2 Basic Syntax (Single-table Query): Clauses and Language Elements

2.1 SELECT statement and Logical Processing Order

Querying is the act of selecting data from databases. The foundational SQL activity for querying is the SELECT statement, whose syntax includes the list of notable (but non-exhaustive) clauses below. Of note, SELECT statements also contain the SELECT clause; the difference being that the statement is the entire unit of SQL work (a query containing multiple clauses and language elements), whereas the clause is a single syntactical element. An important feature of SQL is that operations are not executed in the order written; rather, they are subject to the phases of logical processing order (aka, binding order). The binding order of SQL query processing phases are specified in the list below.

  1. FROM
    1. ON (specified in the FROM syntax)
    2. JOIN (specified in the FROM syntax)
  2. WHERE
  3. GROUP BY
  4. HAVING
  5. SELECT
    1. DISTINCT (specified in the SELECT clause syntax)
  6. ORDER BY
  7. TOP (specified with arguments in the SELECT clause syntax)

It may not make sense at first, but considering that the original intent for SQL was to read more like written English, it begins to make sense. For example, before selecting data (i.e., the SELECT clause) once must first point to the source (i.e., FROM clause and ON/JOIN subclauses). Back-end SQL implementation (i.e., physical query processing by the optimizer) does not always follow these rules for the sake of optimization, so long as the ultimate result is not affected. The important point is that each clause is only capable of processing information presented to it by the preceding query phase. Conceptually following the flow of intermediate results within a query is essential to understanding the expected results, producing the desired results, and troubleshooting unexpected results. Multiple examples in this manual will conceptualize intermediate table results — which are normally invisible to the user — to give the reader a better idea of the data manipulations occurring within the SELECT statement.

2.2 Clauses of the SELECT statement: A Basic Example

To demonstrate the basic syntax of a SELECT statement and the conceptual flow of intermediate query results according to logical processing order, let us examine the query example below in Figure 2.1.

Basic Query Example.

Figure 2.1: Basic Query Example.

Dissecting Figure 2.1 in order of logical processing, we see there are five clauses: 1. FROM, 2. WHERE, 3. SELECT, 4. ORDER BY, and 5. TOP. Before delving too deeply into the other language elements, let’s use a plain language description of these clauses and their syntax. SSMS output from the query in Figure 2.1 is shown in Figure 2.2 at the bottom of this page.

  1. FROM clause

    FROM order_med AS ords

    Specifies the table name argument order_med (assumes the database context has been specified as discussed in the section Microsoft SQL Server Management Studio (SSMS): Getting Started).

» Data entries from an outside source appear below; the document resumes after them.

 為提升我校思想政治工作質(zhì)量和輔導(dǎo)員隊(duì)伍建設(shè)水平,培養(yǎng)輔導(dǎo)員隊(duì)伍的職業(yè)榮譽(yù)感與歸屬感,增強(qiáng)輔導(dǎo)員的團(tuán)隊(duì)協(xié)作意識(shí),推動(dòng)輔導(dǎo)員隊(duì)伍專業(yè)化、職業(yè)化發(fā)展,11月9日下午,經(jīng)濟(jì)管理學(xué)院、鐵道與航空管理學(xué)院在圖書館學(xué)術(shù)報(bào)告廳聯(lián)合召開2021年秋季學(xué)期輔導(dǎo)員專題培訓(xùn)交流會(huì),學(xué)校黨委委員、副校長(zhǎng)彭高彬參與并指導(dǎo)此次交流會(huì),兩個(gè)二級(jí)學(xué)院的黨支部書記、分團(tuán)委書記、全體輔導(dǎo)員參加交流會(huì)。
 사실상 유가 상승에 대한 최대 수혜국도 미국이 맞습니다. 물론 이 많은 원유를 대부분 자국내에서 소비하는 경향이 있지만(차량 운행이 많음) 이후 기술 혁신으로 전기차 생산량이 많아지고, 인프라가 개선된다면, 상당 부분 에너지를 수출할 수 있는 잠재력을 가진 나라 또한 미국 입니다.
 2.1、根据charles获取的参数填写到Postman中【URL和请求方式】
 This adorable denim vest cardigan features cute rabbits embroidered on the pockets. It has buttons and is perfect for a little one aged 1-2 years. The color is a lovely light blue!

    AS key word is optional for establishing table alias but is preferred by some since it provides clearer, more literate code. (Note: aliases can also be established using the syntax <alias> = <expression>). User-specified table alias ords is also optional in this example (generally done for subsequent referencing and code readability — this point becomes more important once we progress to multi-table queries).

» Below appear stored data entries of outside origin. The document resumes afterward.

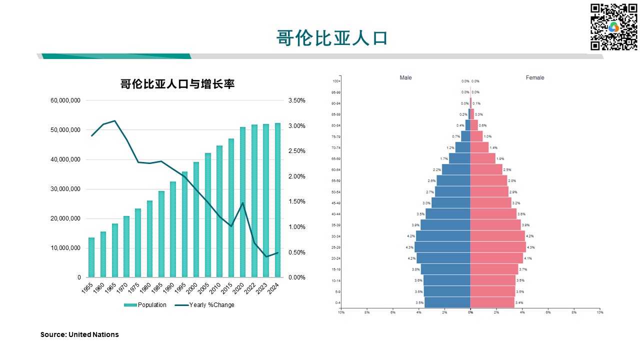 在分布方面,哥伦比亚的人口结构呈现出年轻化的特点,但同时也凸显人口老龄化呈逐渐老龄化的趋势。0-14岁人口占总人口的22.45%,这表明哥伦比亚人口老龄化正在加剧的基础年轻人;15-64岁的劳动年龄人口占总人口的66.66%,这是社会生产力的主体;而65岁及以上的老龄人口占总人口的10.89%,说明哥伦比亚的人口老龄化问题逐渐答案。
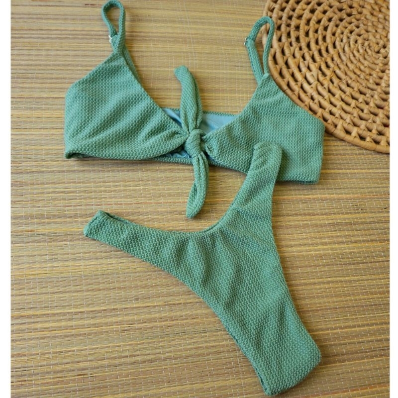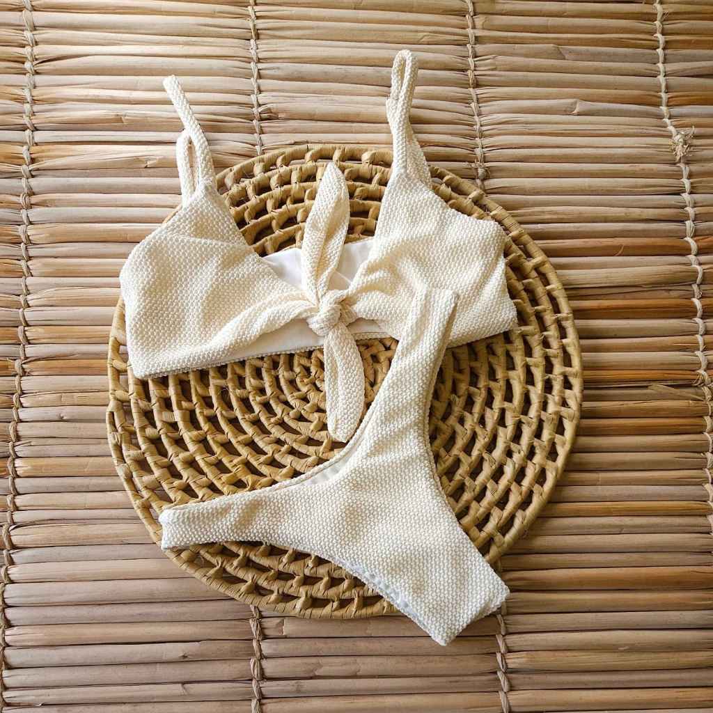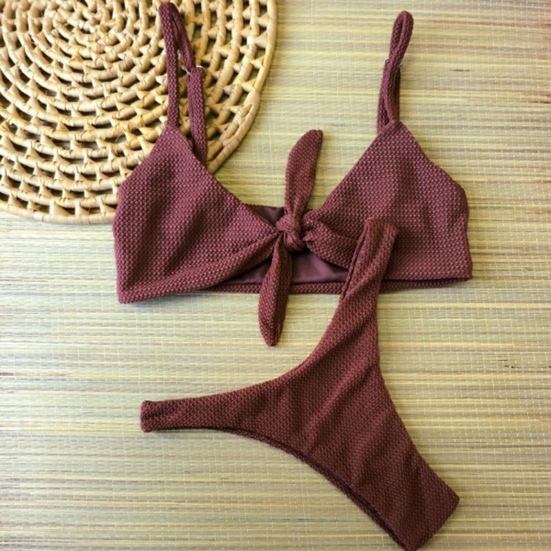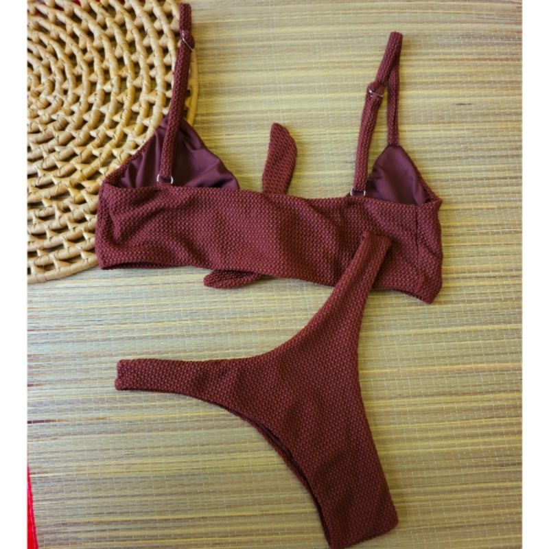 Biquíni Asa Delta com top amarração na frente Texturizado –feito em tecido carmel poliamida uv
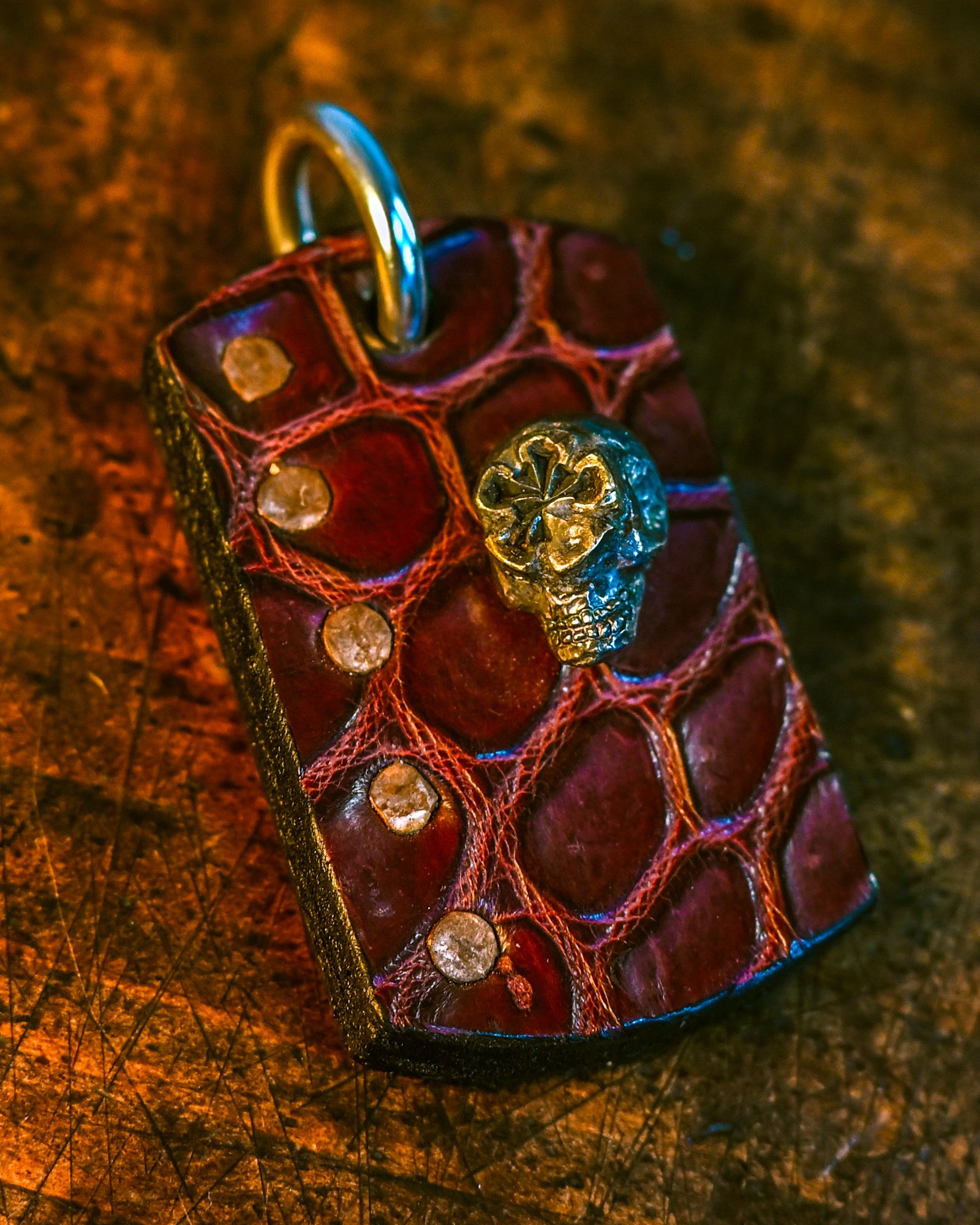 Made in Japan - Wtopia Works Handmade 925 Silver, Alligator & Bear Leather Pendant, Dog Tag Style

    If table aliases are not used there would be two other options when specifying columns names:

    1. The entire qualified <table name>.<column name> could be specified. For example, if order_med wasn’t aliased the SELECT columns in Figure 2.1 would have the ords replaced by order_med.
    2. No alias or table name is used when specifying the column. This works for single-table queries since there are no other tables. If there were other tables there would be the possibility of an ambiguous reference error (e.g., if two tables contained the same column name the query would be non-deterministic).

    Data from the order_med table are now available for manipulation and are presented for further processing to the next query phase, the WHERE clause for this example. (Note: for multi-table queries, the next query phase would be the ON/JOIN phases.)

  2. WHERE clause

    WHERE
      ords.ordering_mode_c = 2 AND
      ords.ordering_date BETWEEN '20200501' AND '20200531' AND
      ords.description LIKE 'meropenem%'

    Source rows are presented from the previous query phase result set (FROM clause). Remember, this is the conceptual, not physical flow of data and is not visible to the SQL user. Each row of the available intermediate data thus far is evaluated against each predicate expression from the search condition. Only those rows for which all predicates evaluate to TRUE are presented to the next query phase.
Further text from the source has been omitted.